Modern Psychoanalysis

Modern Psychoanalysis is a treatment for relieving mental and emotional distress. Its simple technique heals through the talking interaction between patient and therapist. Join us to learn more or post your own thoughts.

Showing posts with label Therapeutic Relationship. Show all posts
Showing posts with label Therapeutic Relationship. Show all posts

Thursday, May 05, 2016

Mechanisms of Cure

Mechanisms of Cure

Practical Use of Modern Psychoanalytic Clinical Techniques

Within our overall mission of helping to cure what ails someone; our thoughts, and subsequent clinical applications of technique in therapy sessions may be viewed from a variety of perspectives. Following our initial contact, are all our innumerable questions regarding the etiology of the patient’s ailments, how to view the case, how to view what is going on in the session, and what to do, or not do, etc… in response to the patient’s contacts with us.

This writer’s opinion is that the practical matters of treatment deserve the most attention. The concern is that we are using clinical techniques that are appropriate to the circumstances, i.e., that work! Clinical techniques have little or no value if we are simply following a formula without appreciable improvement in the lot of our patients. However, I’d like to speak here for a bit about some general guidelines for the analyst’s talking.

In particular, what functions are served by psychosis and how should we treat psychotic material during therapy sessions?

Functions of Psychosis

People are complicated… thus, while the origins of psychosis are likely multidetermined in a particular individual, psychotic operations may be recognized by their biological and psychological results. Dr.

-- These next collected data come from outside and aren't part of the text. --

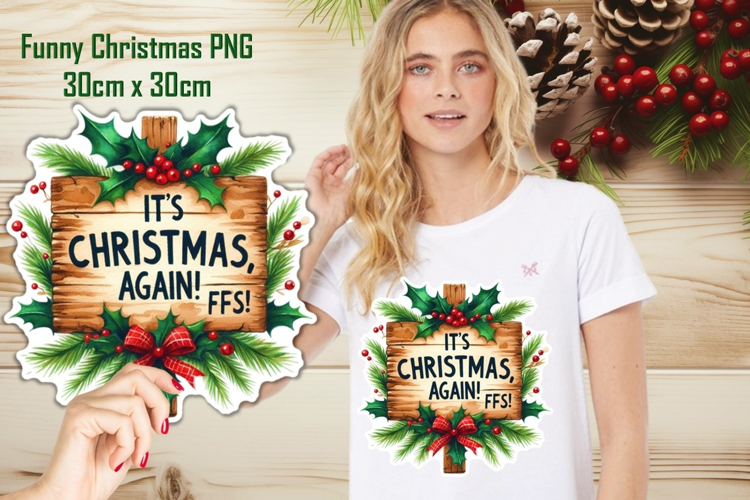 This large funny Christmas PNG says " It's Christmas! Again? FFS" The sublimation is in high resolution PNG format and measures approx 30cm x 30cm 912x12 inches). It can be resized to meet your needs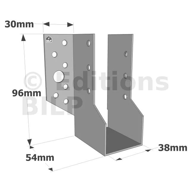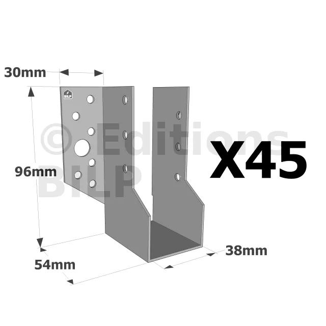 Sabots à ailes extérieures, gamme SBE ECONOMIQUE (épaisseur 1,5mm, profondeur 55mm) - Réf. SBE38/96_45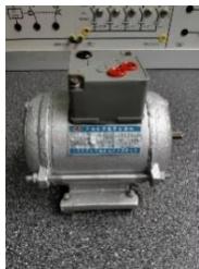 如图 2 所示为负载单相异步电机实物图,电机参数为 150W/0.6A、电压 380V/220V、转速 1400rpm。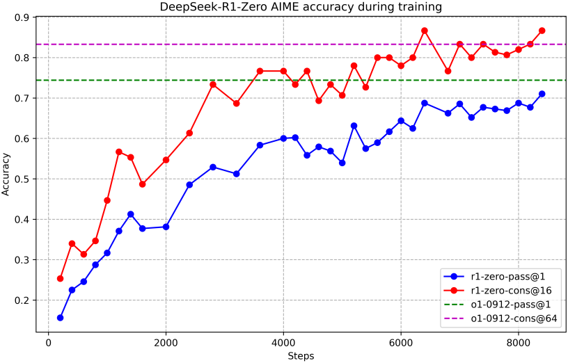 다음은 학습이 진행됨에 따라 DeepSeek-R1-Zero의 AIME 정확도의 변화를 나타낸 그래프이다.

Hyman Spotnitz notes that “An excessive tie-up of neurons in fixed and pathological patterns and overactivity or underactivity of certain neuronal systems are generally associated with mental illness.” (1985, p. 96, emphasis original). Psychologically, the psychotic operation functions partly as a defense; Dr. Spotnitz says that in

   …view of the tendency of the schizophrenic patient to take flight, mentally or physically, from a frustrating object, his capacity to engage voluntarily, for therapeutic purposes, in a psychologically retrograde process is assumed to be extremely limited…the move backward in memory may give rise to severe defensive regression and tempt him into the ultimate refuge of psychosis. (1985, p. 170, citing Rothstein, A., 1982). 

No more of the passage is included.